In this example, we implement a simplified version of the `CRAG` strategy using LangGraph and LangChain. While the full `CRAG` methodology involves steps such as knowledge refinement and partitioning documents into "knowledge strips," this implementation focuses on the core idea of grading document relevance and supplementing retrieval with web searches when necessary.

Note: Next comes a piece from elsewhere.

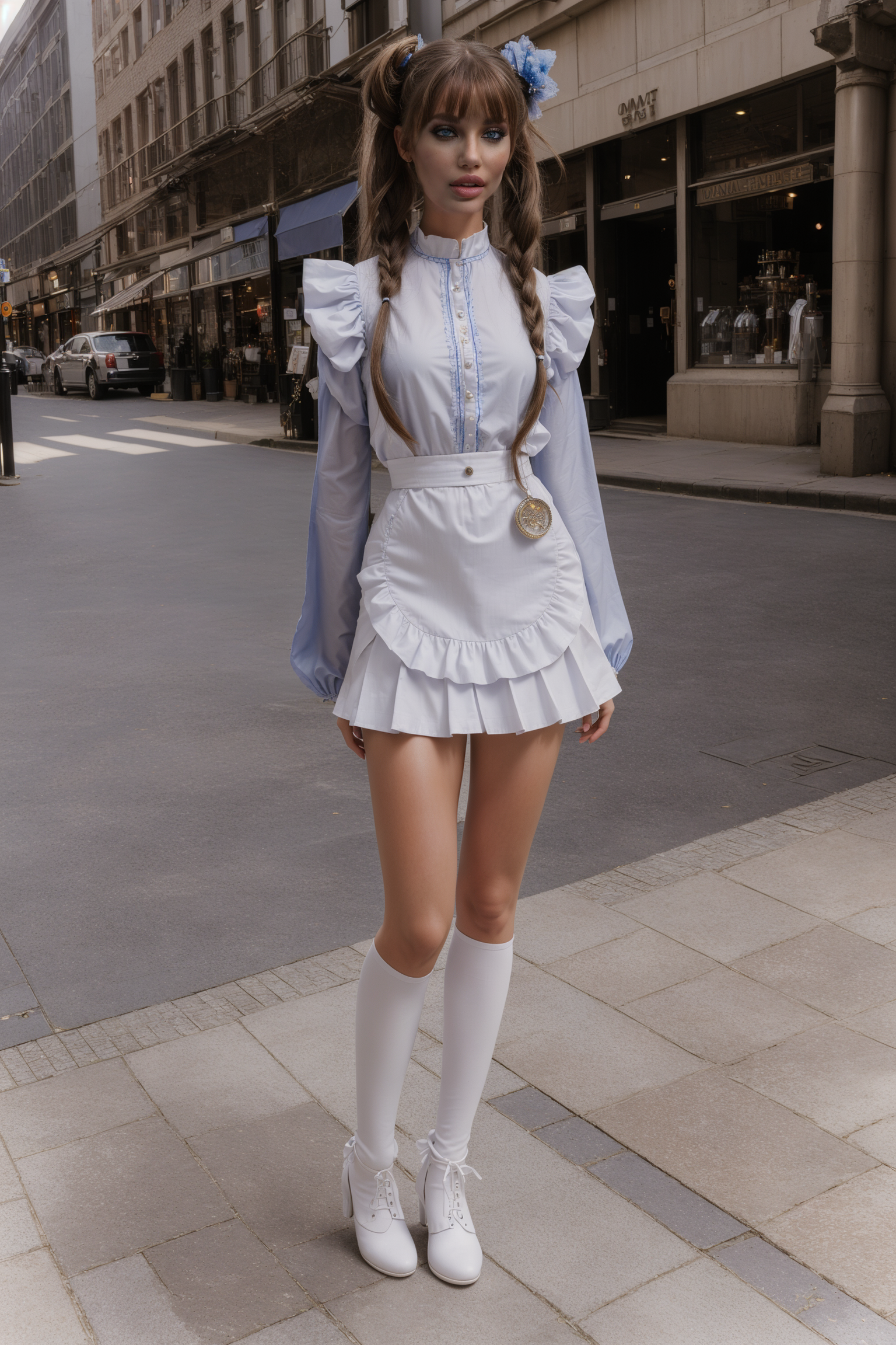 MFBP1, (full body shot:1.6), photogenic adult female, 1girl, solo, twintails, long hair, blue eyes, Twinkle,wide sleeves,apron,buttons,pleated skirt,twintails, white thighhighs, outside, nice sunny day, high details, usa, in the streets, AGGA_ST044, AGGA_ST030, AGGA_ST039, AGGA_ST028, AGGA_ST038, AGGA_ST027, standing, posing for a photo, standing pose, dynamic pose, hands on hips, (front to viewer:1.2), looking at viewer, cinemascope, detailed, 8k resolution, (masterpiece, best quality, hires, high resolution:1.2), (extremely detailed, realistic, intricate details, highres), (cinematic lighting, sunlight, volumetric), vibrant colors, blurry background, embedding:Positives\epiCRealism, , ,

By leveraging tools like DuckDuckGo for web searches and incorporating query rewriting for optimized searches, this workflow demonstrates how `CRAG` principles can be effectively applied to enhance RAG systems.

## Installing Required Packages

This code block installs the necessary Python packages quietly (`-q`) and upgrades them if they are already installed (`-U`). The packages include various components of `LangChain`, `LangGraph`, `ChromaDB`, and `DuckDuckGo` search tools, which are essential for building and running the Retrieval-Augmented Generation (RAG) workflow.

In [None]:
!pip install -qU langchain-openai
!pip install -qU langchain-anthropic
!pip install -qU langchain_community
!pip install -qU langchain_experimental
!pip install -qU langgraph
!pip install -qU chromadb
!pip install -qU duckduckgo_search

## Loading and Preparing Documents

This block imports necessary modules and sets up the environment to load, split, and vectorize documents from specified URLs. It securely retrieves the OpenAI API key from Kaggle secrets, uses OpenAI embeddings for vectorization, loads documents from the provided URLs, splits them into smaller chunks for efficient processing, and stores them in a Chroma vector database for later retrieval.

In [None]:
from langchain.text_splitter import RecursiveCharacterTextSplitter
from langchain_community.document_loaders import WebBaseLoader
from langchain_community.vectorstores import Chroma
from langchain_openai import OpenAIEmbeddings
from kaggle_secrets import UserSecretsClient

# Load OpenAI API Key securely from Kaggle secrets
my_api_key = UserSecretsClient().get_secret("my-openai-api-key")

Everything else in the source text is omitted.